7.8. transfer learning#

See also notes on 📌 causal inference for some close connections.

For neural-net specific transferring see 📌 adaption/transfer.

7.8.1. overviews#

transfer_taxonomy (from this paper)

7.8.2. domain adaptation algorithms#

Domain test bed available here, for generalizating to new domains (i.e. performing well on domains that differ from previous seen data)

  • Empirical Risk Minimization (ERM, Vapnik, 1998) - standard training

  • Invariant Risk Minimization (IRM, Arjovsky et al., 2019) - learns a feature representation such that the optimal linear classifier on top of that representation matches across domains.

  • distributional robust optimization

    • instead of minimizing training err, minimize maximum training err over different perturbations

    • Group Distributionally Robust Optimization (GroupDRO, Sagawa et al., 2020) - ERM + increase importance of domains with larger errors (see also papers from Sugiyama group e.g. 1, 2)

      • minimize error for worst group

    • Variance Risk Extrapolation (VREx, Krueger et al., 2020) - encourages robustness over affine combinations of training risks, by encouraging strict equality between training risks

  • Interdomain Mixup (Mixup, Yan et al., 2020) - ERM on linear interpolations of examples from random pairs of domains + their labels

  • Marginal Transfer Learning (MTL, Blanchard et al., 2011-2020) - augment original feature space with feature vector marginal distributions and then treat as a supervised learning problem

  • MAML (finn, abbeel, & levine, 2017) - minimize parameters for metalearning including finetuning as part of the process (intuitively, find parameters that improve performance on a task after finetuning on that task)
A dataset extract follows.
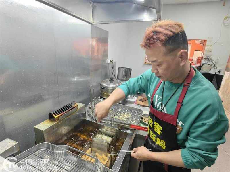 位于江漢區(qū)北湖正街的“臺(tái)客鹽酥雞”店內(nèi),潘佳輝正在專心制作炸品。(中國(guó)臺(tái)灣網(wǎng)發(fā))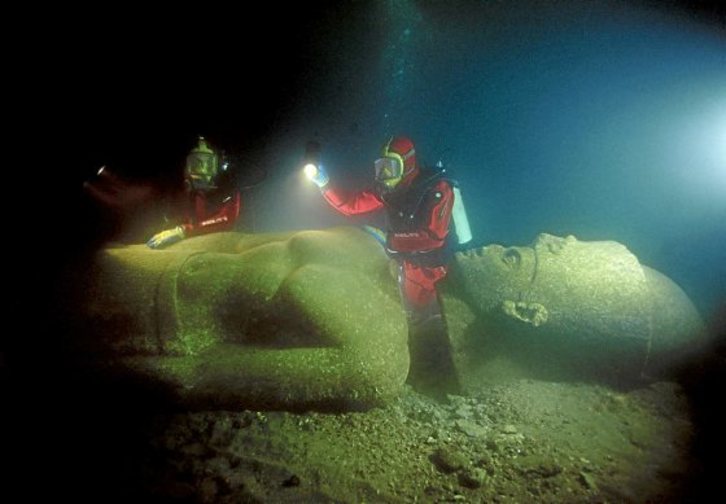 Bajo las aguas de la bahía de Abukir, en Egipto, se encuentra uno de los mayores yacimientos arqueológicos de la antigüedad. A ocho metros de profundidad surgen los restos de las ciudades de Heraclion y Canopus, descubiertas en el año 2000 y escenario de una serie de excavaciones submarinas que han sacado a la luz miles de objetos de los antiguos egipcios, algunos de los cuales se pueden contemplar en una exposición en París.

    • \(\min _\theta \underbrace{\mathbb{E}_\tau }_{\text{average over tasks } \tau}\left[\mathcal{L}_\tau\left(\underbrace{U_\tau(\theta)}_{\text{finetuned model}}\right)\right]\)​

      • compute finetuned models then take gradient wrt to held-out samples from the same tasks

    • Meta Learning Domain Generalization (MLDG, Li et al., 2017) - use MAML to meta-learn how to generalize across domains

  • learning more diverse predictors

    • Representation Self-Challenging (RSC, Huang et al., 2020) - adds dropout-like regularization to important features, forcing model to depend on many features

    • Spectral Decoupling (SD, Pezeshki et al., 2020) - regularization which forces model to learn more predictive features, even when only a few suffice

  • embedding prior knowledge

    • Style Agnostic Networks (SagNet, Nam et al., 2020) - penalize style features (assumed to be spurious)

    • Penalizing explanations (Rieger et al. 2020) - penalize spurious features using prior knowledge

  • Domain adaptation under structural causal models (chen & buhlmann, 2020)

    • make clearer assumptions for domain adaptation to work

    • introduce CIRM, which works better when both covariates and labels are perturbed in target data

  • kernel approach (blanchard, lee & scott, 2011) - find an appropriate RKHS and optimize a regularized empirical risk over the space

  • In-N-Out (xie…lang, 2020) - if we have many features, rather than using them all as features, can use some as features and some as targets when we shift, to learn the domain shift

  • Prospective Learning: Learning for a Dynamic Future (de silva…voelstein, chaudhari, 2024)

    • define prospective learning as setting where optimal hypothesis changes over time (like multi-task, meta-, continual, and lifelong learning)

    • introduce prospective ERM, which is shown to be consistent (unlike standard empirical risk minimization from PAC learning) - basically, incorporates time as an input in addition to the data

7.8.2.1. domain invariance#

key idea: want repr. to be invariant to domain label

7.8.2.2. feature learning#

7.8.2.3. dynamic selection#

Dynamic Selection (DS) refers to techniques in which, for a new test point, pre-trained classifiers are selected/combined from a pool at test time review paper (cruz et al. 2018), python package

  1. define region of competence

    1. clustering

    2. kNN - more refined than clustering

    3. decision space - e.g. a model’s classification boundary, internal splits in a model

    4. potential function - weight all the points (e.g. by their distance to the query point)

  2. criteria for selection

    1. individual scores: acc, prob. behavior, rank, meta-learning, complexity

    2. group: data handling, ambiguity, diversity

  3. combination

    1. non-trainable: mean, majority vote, product, median, etc.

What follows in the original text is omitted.